Monday, April 2, 2012
Mini Peanut Butter Fudge Mousse Cakes
For the Chocolate Crust:
-6 oz gluten free chocolate wafers or sandwich cookies
-3 tbsp butter Grease mini cheesecake pan and set aside.
Place cookies in bowl of food processor and grind until they are a fine powder. Pour crushed cookies into a large bowl. Melt 3 tbsp butter and add to cookies. Stir until mixture is coated and moistened. Place a heaping 1/2 tbsp of crust into each cavity of pan and press into bottom of pan until smooth and even. Bake for 5-7 minutes at 350 degrees and allow to cool until room temperature.

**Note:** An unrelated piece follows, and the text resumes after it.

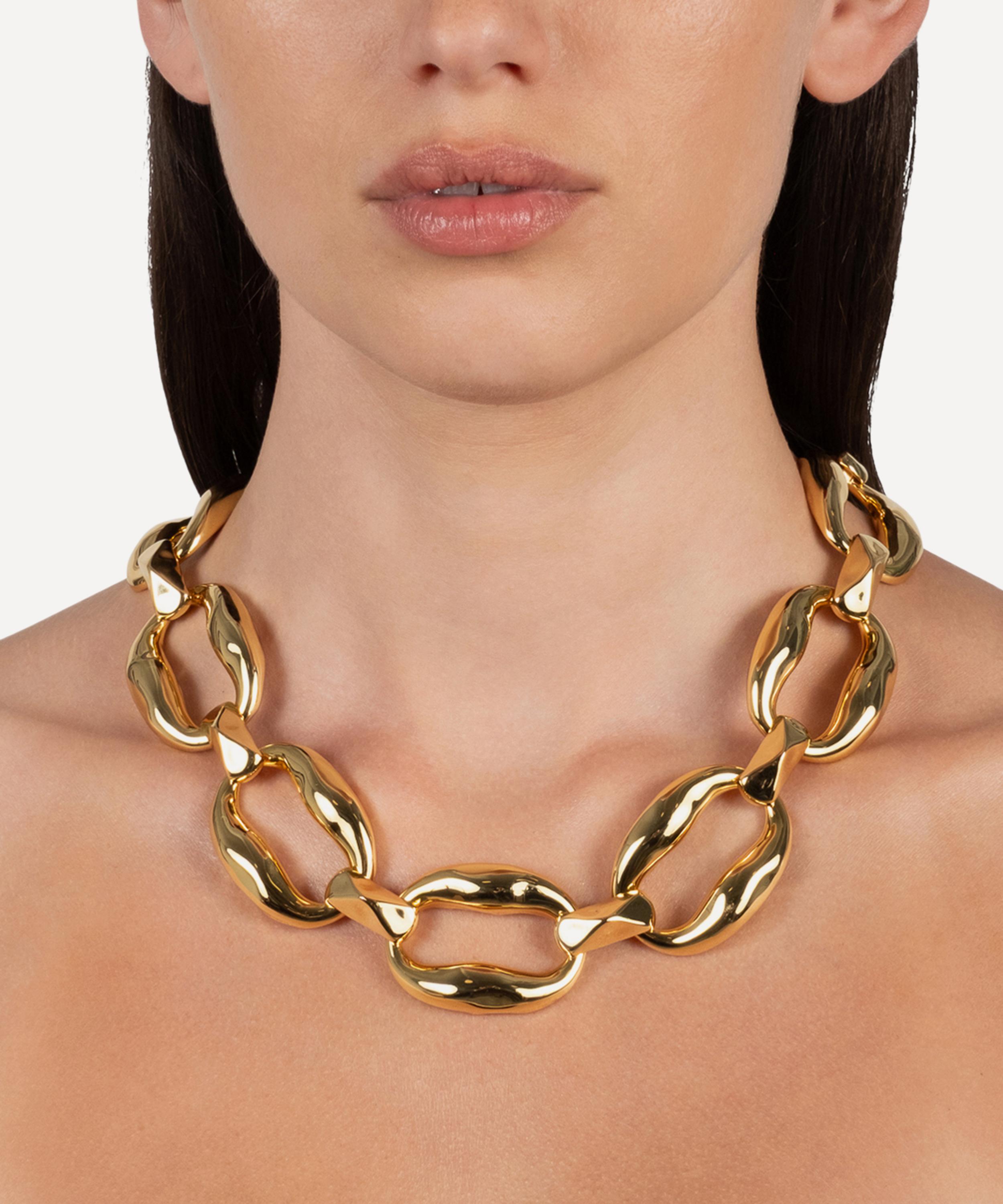 Turn heads with this statement-making chain necklace from acclaimed jewellery designer Alexis Bittar. Crafted from 14ct gold-plated brass, it features a sculptural design with oversized links in a molten finish.

For the Peanut Butter Mousse:
1/4 cup cold coffee
1 tablespoon powdered gelatin
1 1/2 cups heavy cream
6 oz cream cheese, softened
1/2 cup creamy peanut butter
1/2 cup sugar
Place coffee in a shallow microwave safe bowl. Sprinkle gelatin over it and set aside for five minute until gelatin blooms. Microwave bloomed gelatin mixture for 10 seconds and stir until no lumps remain. Set aside. Combine cream cheese, peanut butter, and sugar in a bowl and beat until smooth. Set aside. Place heavy cream into a stand mixer bowl fitted with a whisk attachment and beat on high until medium peaks form. Set aside. Add one tablespoon of gelatin into peanut butter/cream cheese mixture at a time and gently fold to combine. Add heavy cream mixture and fold to combine. Place mixture in a pastry bag fitted with a large round tip and pipe into wells. Refrigerate overnight for best result. For smooth and even sides, use an offset spatula and run it along the edge of the removable bottom before lifting out.
Note The chocolate topping is extra chocolate swiss meringue buttercream I had on hand. I would recommend topping with a lightly sweetened whipped cream drizzled with melted chocolate or ganache.